## [TASK GOAL]
Set the pictures aside and transcribe exactly the lines from the one containing "Enzima Lactase 10.000ufcc" through the final line of the records.

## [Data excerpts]
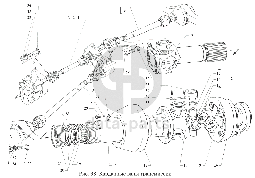 Карданные валы трансмиссии ГАЗ-3308
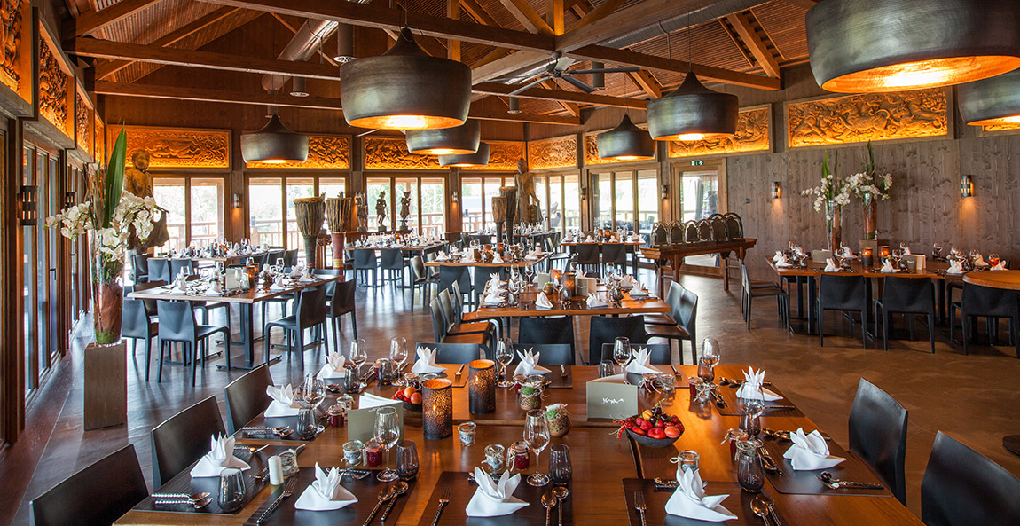 Das Hauptrestaurant beeindruckt mit einer großen Terrasse direkt am Wasser, während die Kinaree Lodge, ein stilvoller thailändischer Wintergarten, sich perfekt für kleinere Gruppen eignet. Ein besonderes Highlight ist die Thisiam Lounge, die hoch über dem angrenzenden Elefantengehege thront. „Von hier hat man einen spektakulären Blick auf die sanften Riesen”, so Franco Knie. „Bei einem leckeren Apéro ist das ein unvergessliches Erlebnis.”
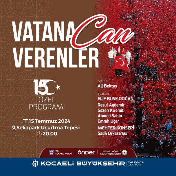 Hep birlikte daha güçlü bir Türkiye için çalışmaya devam edeceğiz. Demokrasiye ve bağımsızlığa olan inancımızla, yarınlarımızı daha aydınlık kılacağız. Kocaeli Büyükşehir Belediyesi olarak 15 Temmuz hain darbe girişiminin 8. yılında yine önemli ve anlamlı bir program düzenliyoruz. Hazırladığımız özel program, 15 Temmuz destanını yeni kuşaklara anlatacak ve ulusal hafızanın tarihsel sürekliliğine hizmet edecek. Bu özel programda “Vatana Can Verenler” rahmet ve minnetle anılacak.
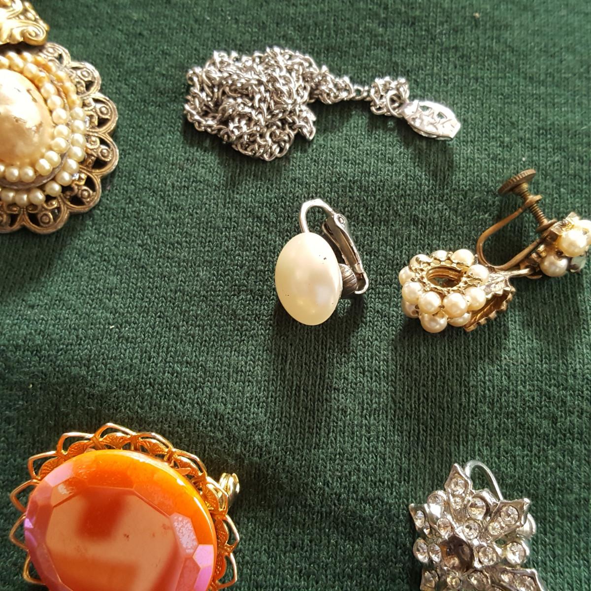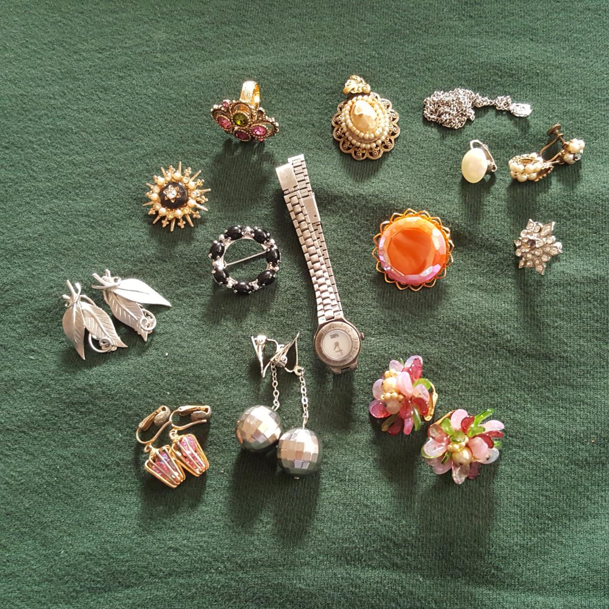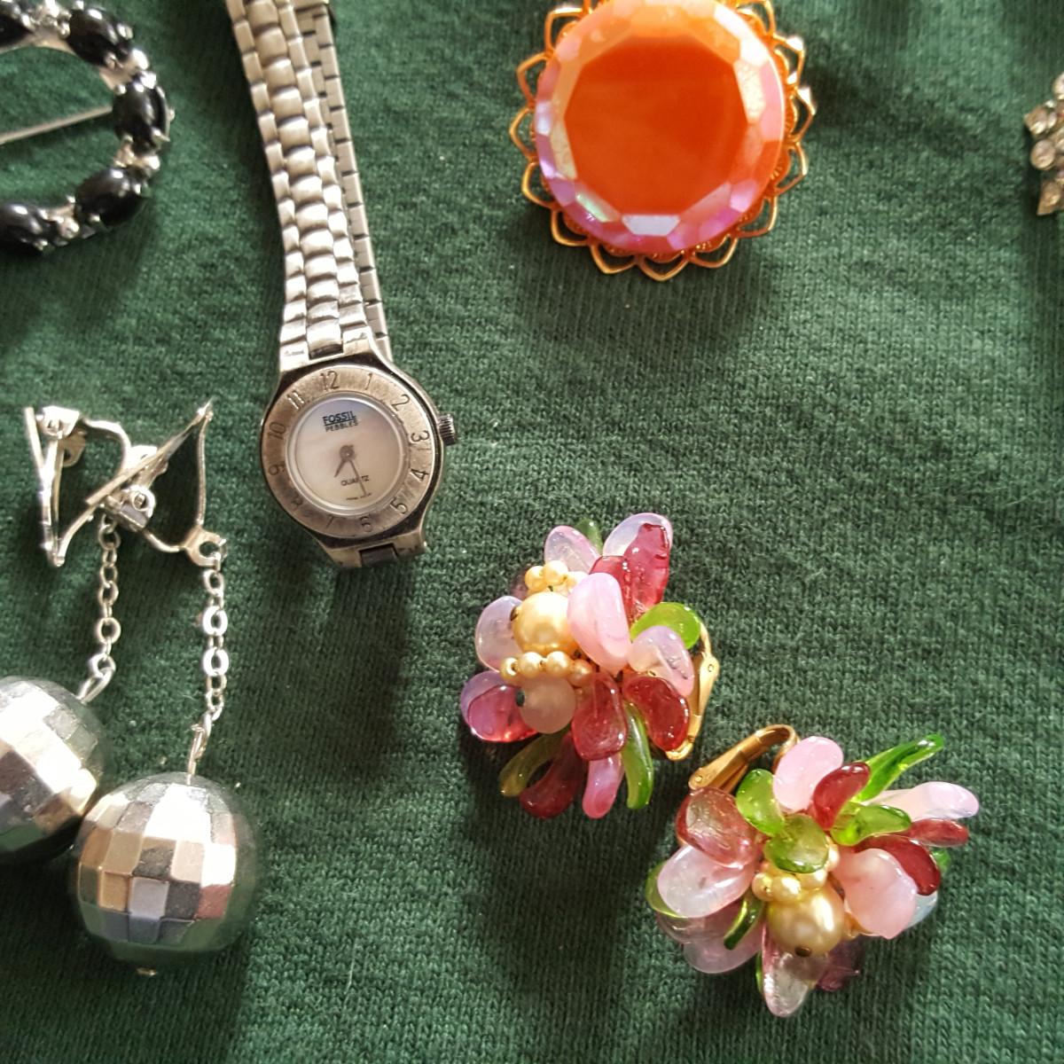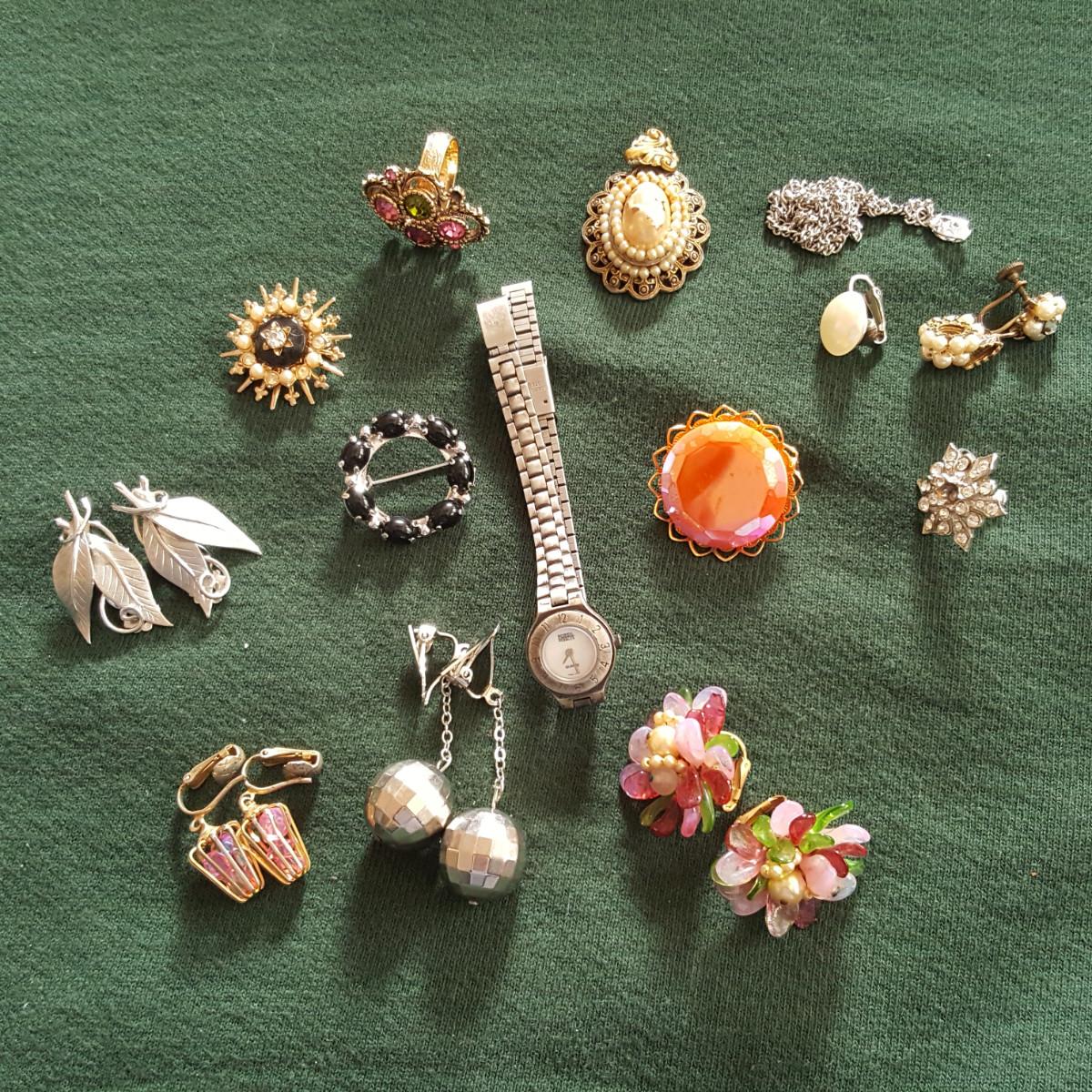 This auction lot is for a Bag of Miscellaneous Vintage Jewelry that holds 4 pair of nice, stylish earrings that are equipped with the clip-on fastener. Plus 3 costume pins, 1 dinner ring, a Fossil watch, a necklace pendant that holds a rough "pearl" but needs to be glued, 3 single earrings and a metal chain. Great for wearing or art projects.
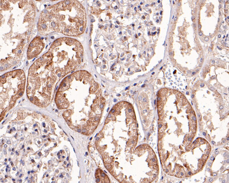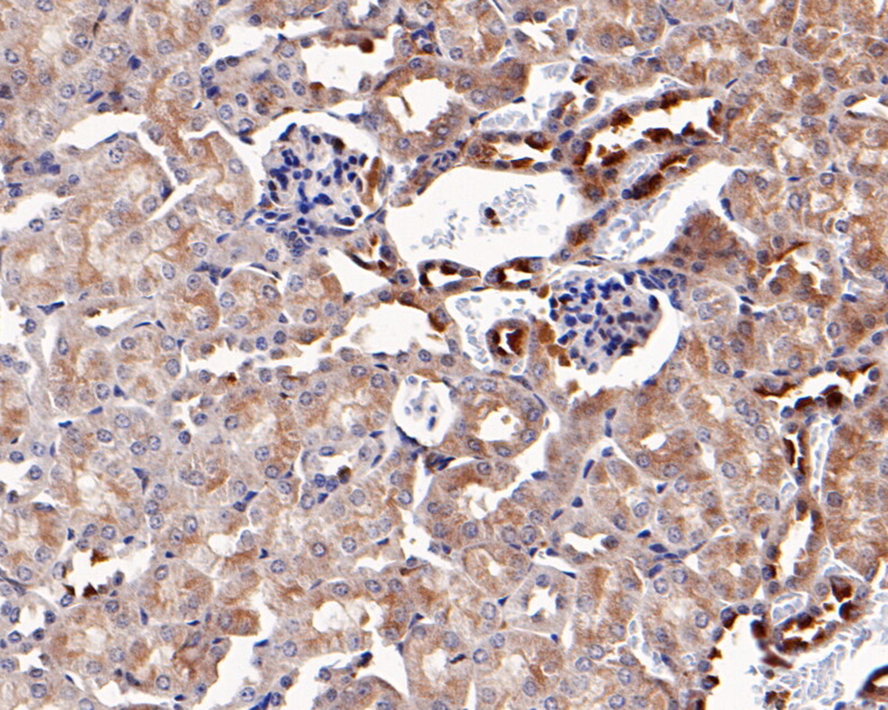 Immunohistochemical analysis of paraffin-embedded mouse kidney tissue with Rabbit anti-JAK2 antibody (ER1706-58) at 1/400 dilution.
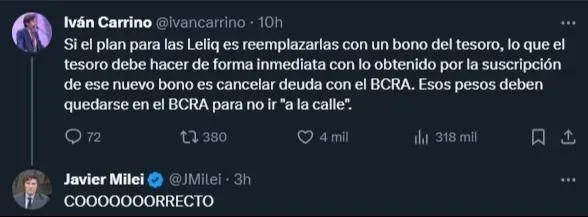 La sugerencia de Carrino, publicada en la mañana de ese sábado, planteaba la posibilidad de "reemplazar las Leliqs con un bono del tesoro". En este contexto, enfatizó que "lo obtenido por la suscripción de ese nuevo bono debe ser destinado de inmediato a cancelar deuda con el BCRA".
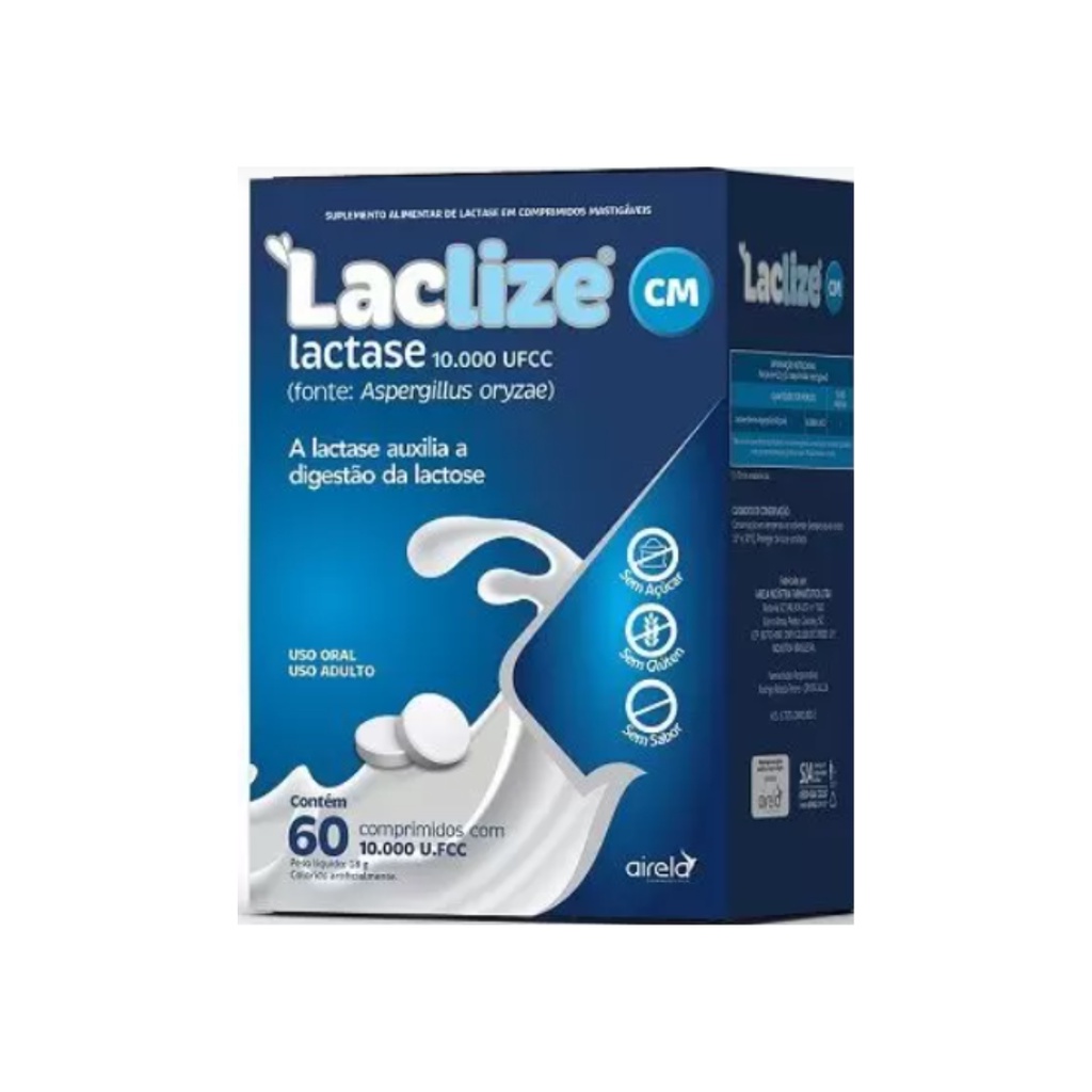 Enzima Lactase 10.000ufcc 60 Comprimidos Mastigáveis Laclize
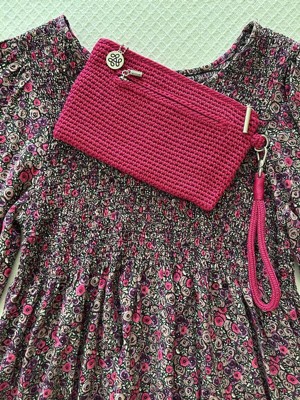 [This review was collected as part of a promotion.] I love this small crocheted clutch in pink. It’s beautifully made with attention to detail. Fits my phone and small wallet and lipstick, and key fob.
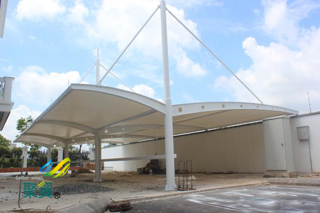 膜結構車棚的安裝應考慮到天氣狀況,如大風等惡劣天氣,再多雨就會停止施工,再過惡劣天氣。

## [RESULT FOR THIS EXERCISE]
 Enzima Lactase 10.000ufcc 60 Comprimidos Mastigáveis Laclize
 [This review was collected as part of a promotion.] I love this small crocheted clutch in pink. It’s beautifully made with attention to detail. Fits my phone and small wallet and lipstick, and key fob.
 膜結構車棚的安裝應考慮到天氣狀況,如大風等惡劣天氣,再多雨就會停止施工,再過惡劣天氣。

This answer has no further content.